Tırnaklarımı avuçlarıma geçirecek şekilde ellerimi sıktım. Adrian ise bana son kez yabancısı olduğum soğuk bakışlarını değdirerek omuzlarını gerdi ve yavaşça havalandı. Her şeye rağmen içimde inanılmaz dokunma isteği oluşturan, uçları altın suyuna batırılmış beyaz tüyler salındı, kanatlarının rüzgârı yüzüme çarpıp ıslak saçlarımı uçuşturdu. Adrian birkaç uzun saniye boyunca tepemizde kalarak kaçıp gitmeyeceğimden emin olmak istercesine beni taradı, kırgın ve korku dolu gözlerimden aldığı cevap her neyse bu yüzünün daha da kaskatı kesilmesine neden oldu. Hemen sonra ise kendisini uçurumdan bırakır gibi boşluğa bırakıp süzülerek dağdan aşağıya indi.
“Kiara? Ne oldu?” dedi Saque hiç azalmayan telaşıyla yanıma yaklaşarak, ondan kaçtım. Ona tıpkı Adrian’a baktığım gibi buzdan farksız bakışlarımı yönlendirdim.
“Sen de benden gerçeği sakladın! Onun ne olduğunu biliyordun ama söylemedin!”
Afalladı. “Ne? Ben...sana yalan söylemedim,” dedi onu anlamamı istercesine çaresizce gözlerimin içine bakarak. “Bazı gerçekleri söylemek sadece sahibine aittir. Lütfen beni suçlama.”
“Git başımdan,” dedim ondan iyice uzaklaşıp avlunun en köşesine giderek sırtımı girintili çıkıntılı duvara dayarken. Bedenimi yavaşça aşağıya doğru kaydırdığımda sırtımdaki hançer yarası sızlayarak dişlerimi sıkmama neden oldu. Yüzümü ekşitsem de oraya çömeldim ve ayaklarımı karnıma çekerek oturdum. Soğuktu. Hava gerçekten soğuktu. Üstelik üst başım ıslaktı.
“Kanıyorsun,” dedi Marcellius ilk kez konuşmaya dâhil olurken. “Seni iyileştirebilirim.”
Genç çehresine ters bir bakış atarken, “İstemiyorum,” dedim tüm sivriliğimle.
“Ama-”
“İstemiyorum! Gidin başımdan!”
Karnıma çektiğim ayaklarımın üzerine kollarımı yerleştirip alnımı da kollarımın üzerine gömdüm. Şu anda görüş alanım giydiğim kazaktı. Mağaraya doğru ilerleyip sonra da kaybolan ayak seslerini duyduğumda beni yalnız bırakmış olmalarına daha çok kızdım ve yüzümü iyice kucağıma bastırdım. Karmakarışık hissediyordum. Daha da doğrusu berbat hissediyordum. Kim bilir bilmediğim daha neler vardı ve beni resmen aptal yerine koymuştu. Belki de benimle oynamıştı. Onun için eğlenceden ibaret olduğumu düşünmek gözlerimin yanmasına neden olurken dişlerimi sıktım.

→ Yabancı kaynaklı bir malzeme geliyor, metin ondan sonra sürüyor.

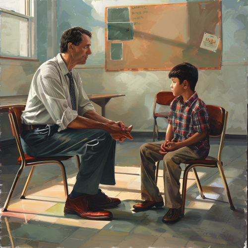 llustrate a parent sitting on a bench, calmly sipping coffee, while their child faces a series of comical ‘life challenges’: trying to climb a giant, wobbly stack of schoolbooks, wrestling with a tangled shoelace, and being confused by a math problem on a chalkboard. The parent watches with a gentle smile, holding a sign that says, ‘Figure it out, champ!’ in a warm, playful style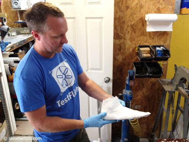 Brad takes Balazs' massive size 14 feet through the molding and casting stage.

Bilmediğim bir dünyada bilmediğim bir adamla birlikte olmanın bedeli aptallıklarımla yüzleşmek olarak bana geri dönüyordu. Ona hiç güvenmemeliydim, bunu hiç hak etmemişti. Ben onun oyuncağıydım, beni istediği gibi şekillendirmişti ve sonunda da avuçlarında ikiye ayrılmıştım.
Yan tarafımdan gelen ayak seslerini ancak dibime kadar ulaştıklarında fark edebildim. Tepemdeki her kimse ona def olmasını söylemek için dudaklarımı aralamışken omuzlarıma bırakılan battaniyeyle duraksadım. Sert tüyleri tenime temas ettikçe değdiği yerlere rahatsız edici bir his yayıyordu, ancak soğuğu geçirmeyecek kadar kalın olduğunu görmezden gelemezdim. Yine de onu istemediğimi belli edercesine omuzlarımı silktim.
“Hiç değilse bunu kabul et, iyiliğin için,” dedi Saque, battaniyeyi yeniden düzeltip, kafam hariç tüm vücudumu onunla örterken. Sesi her zamanki gibi kulağa hoş geliyordu. Öyle tatlı konuşuyordu ki onu reddetmek neredeyse imkânsızdı.
Tıpkı benim gibi yere çökerek yanıma oturduğunu hissettim. Uzun bir süre sessiz kaldıktan sonra, “Ağlıyor musun?” diye sorduğunda dudaklarımı birbirine bastırıp kendimi kastım.
“Hayır.”
“Bu iyi. Ağladığını görmek beni üzerdi.”
“Ama ağlamak istiyorum,” dedim sanki her an hıçkırıklara boğulacakmışım gibi boğuk bir sesle.
“Ah, seni o kadar çok mu üzdü?”
“Melekleri ve asilleri sürekli kötüleyip onlardan korkmam, uzak durmam gerektiğini söyleyip duruyordu ama şuna da bakın! Kendisi hem melek hem de asillerdenmiş!”
“Çünkü ait olduğu topluluğu ve dünyayı sevmiyor. Adrian kendini sevmiyor. Kötülemesi bu yüzden.”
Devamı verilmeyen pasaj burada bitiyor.